_Dataset_:

▬▬▬▬▬▬

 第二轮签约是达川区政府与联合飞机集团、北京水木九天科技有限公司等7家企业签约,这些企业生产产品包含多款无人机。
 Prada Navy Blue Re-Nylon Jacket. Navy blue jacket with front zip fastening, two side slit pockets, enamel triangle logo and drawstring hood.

▬▬▬▬▬▬

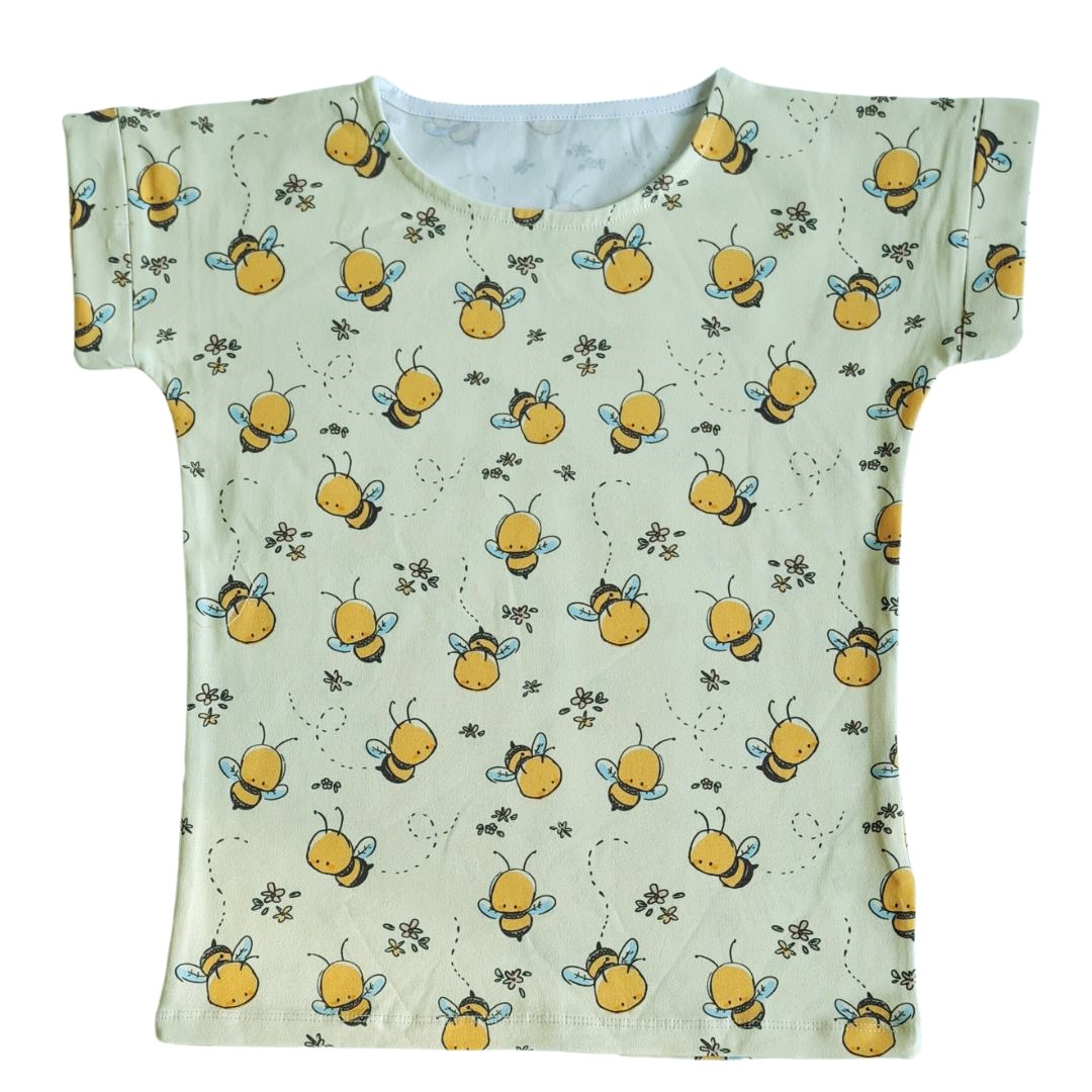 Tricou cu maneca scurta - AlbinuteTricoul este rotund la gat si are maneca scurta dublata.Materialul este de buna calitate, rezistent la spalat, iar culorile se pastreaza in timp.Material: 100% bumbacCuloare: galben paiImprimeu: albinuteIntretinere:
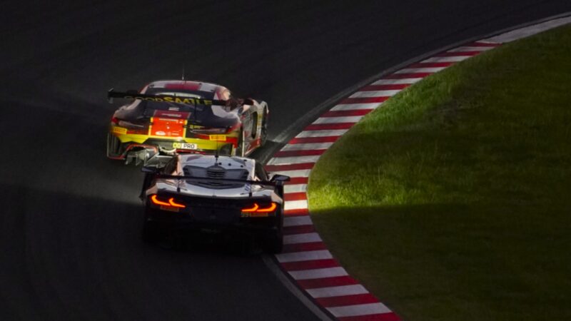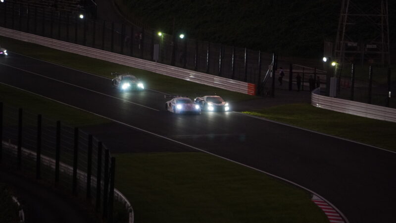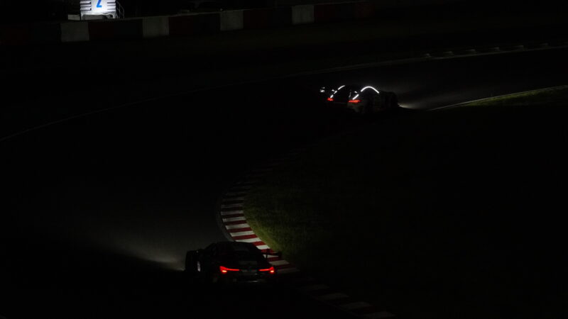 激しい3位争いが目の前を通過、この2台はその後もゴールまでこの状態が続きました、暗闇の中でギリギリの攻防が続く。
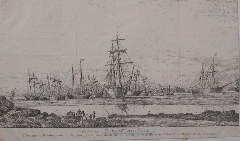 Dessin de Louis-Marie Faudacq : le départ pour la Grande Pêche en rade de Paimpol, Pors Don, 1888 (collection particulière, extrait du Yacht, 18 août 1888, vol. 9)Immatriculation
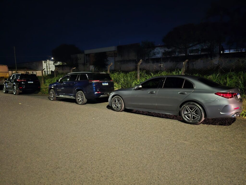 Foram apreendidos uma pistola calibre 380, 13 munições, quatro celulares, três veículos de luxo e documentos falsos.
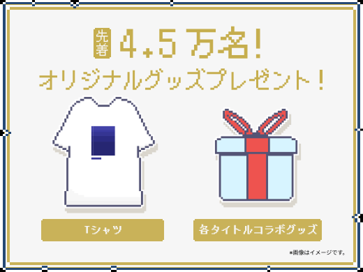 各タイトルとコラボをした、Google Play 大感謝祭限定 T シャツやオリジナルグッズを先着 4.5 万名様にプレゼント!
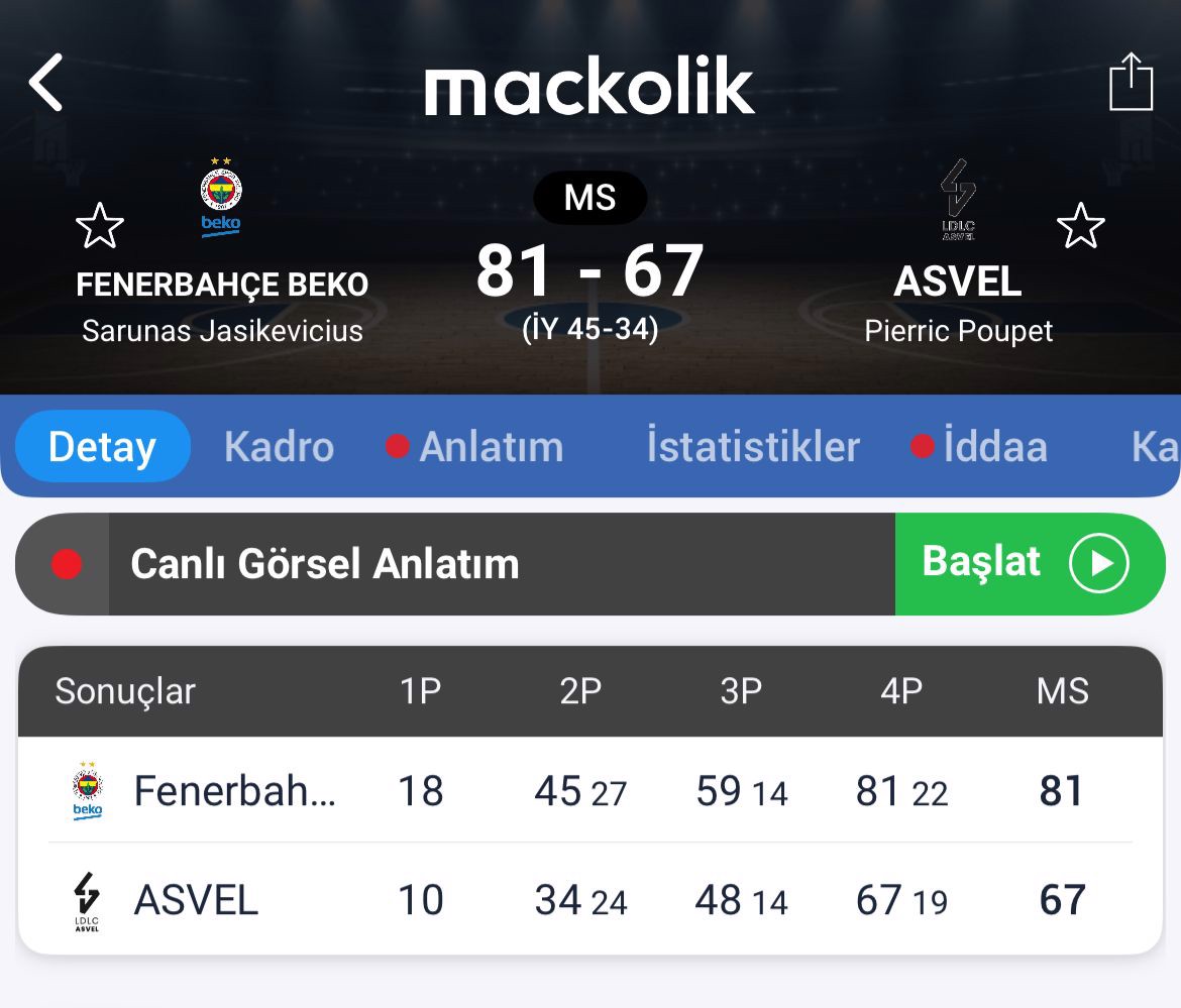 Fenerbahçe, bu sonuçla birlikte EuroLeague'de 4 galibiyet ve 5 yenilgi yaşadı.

▬▬▬▬▬▬

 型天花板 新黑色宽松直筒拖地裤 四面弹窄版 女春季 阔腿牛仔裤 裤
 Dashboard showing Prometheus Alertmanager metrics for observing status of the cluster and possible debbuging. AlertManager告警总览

▬▬▬▬▬▬

_Your goal_:
From the records above, transcribe without alteration every line from the one with "第二轮签约是达川区政府与联合" to the one with "Prada Navy Blue", inclusive.

_Written solution_:
 第二轮签约是达川区政府与联合飞机集团、北京水木九天科技有限公司等7家企业签约,这些企业生产产品包含多款无人机。
 Prada Navy Blue Re-Nylon Jacket. Navy blue jacket with front zip fastening, two side slit pockets, enamel triangle logo and drawstring hood.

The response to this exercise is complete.